RASopathies are a group of disorders caused by disruptions to the RAS‒MAPK pathway. Despite being in the same pathway, Neurofibromatosis Type 1 (NF1) and Legius syndrome (LS) typically present with phenotypes distinct from Noonan spectrum disorders (NSDs). However, some NF1/LS individuals also exhibit NSD phenotypes, often referred to as Neurofibromatosis‐Noonan syndrome (NFNS), and may be mistakenly evaluated for NSDs, delaying diagnosis, and affecting patient management.

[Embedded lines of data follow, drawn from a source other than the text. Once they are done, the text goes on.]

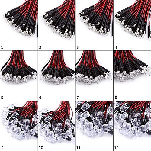 Diodi ad Emissione di diodi, 50 diodi LED Trasparenti precollegati Multicolori DC 9-12V 3 5 10mm(3mm-Luce Verde dei Capelli Bianchi)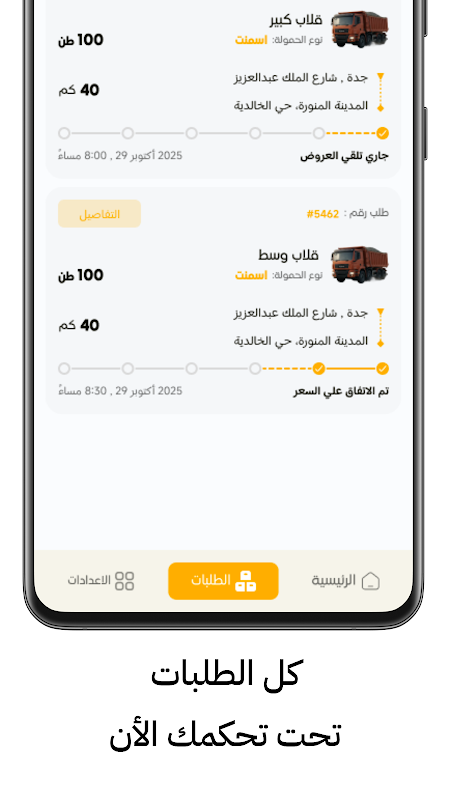 مع لوري، تقدر تنقل أي غرض بسهولة وفي أي وقت. اختار نوع الغرض، حدّد موقع الاستلام والتسليم على الخريطة، وسيقوم السائق متاح بخدمتك فوراً.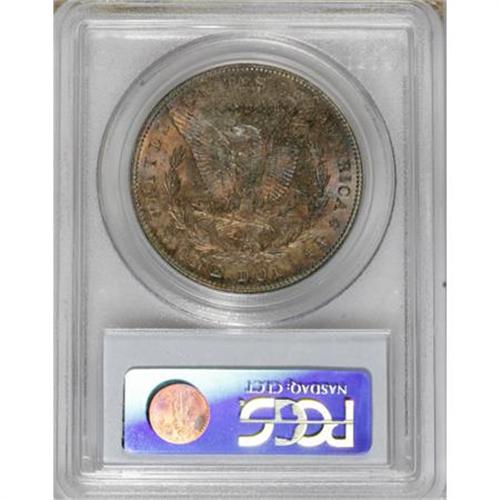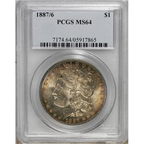 <B>1887/6 $1 MS64 PCGS.</B></I> VAM-2. A Top 100 Variety. Remarkable orange-gold, plum-red, and electric-blue illuminate the obverse, while the reverse is fully patinated in peach, sky-blue, and rose-red. Well struck and lustrous with a clean cheek and smooth fields.<BR><BR><B>Coin Engraver:</B> George T. Morgan<BR><BR><b>Shipping:</b> Coins & Currency (<a target="_blank" href="http://www.heritageauctions.com/common/shipping.php">view shipping information</a>)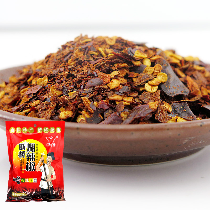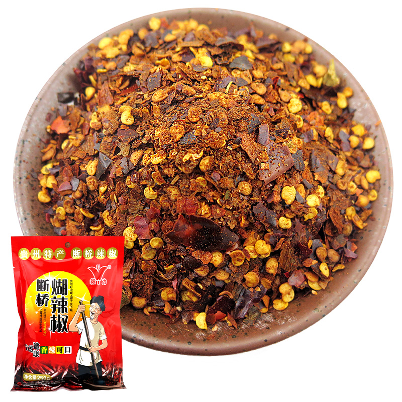 Guizhou Terrific rural girl's broken bridge burnt hot pepper noodles 250g * 5 packs of burnt sea pepper powder sea pretzels Dried Firewood hot pepper noodles

A derivation cohort of 28 patients with a prior negative NSD panel and either NFNS or a suspicion of NSD and café‐au‐lait spots underwent NF1 and SPRED1 sequencing. To further determine the utility and burden of adding these genes, a validation cohort of 505 patients with a suspected RASopathy were tested on a 14‐gene RASopathy‐associated panel.
In the derivation cohort, six (21%) patients had disease‐causing NF1 or SPRED1 variants. In the validation cohort, 11 (2%) patients had disease‐causing variants and 15 (3%) had variants of uncertain significance in NF1 or SPRED1. Of those with disease‐causing variants, 5/17 only had an NSD diagnosis.
Adding the NF1 and SPRED1 genes to Noonan spectrum disorder/RASopathy NGS gene panels modestly increases clinical diagnoses without significantly increasing the VUS burden. Since a diagnosis of NF1 or LS would change patient management, the NF1 and SPRED1 genes should be included on all to Noonan spectrum disorder/RASopathy NGS gene panels, including those used prenatally.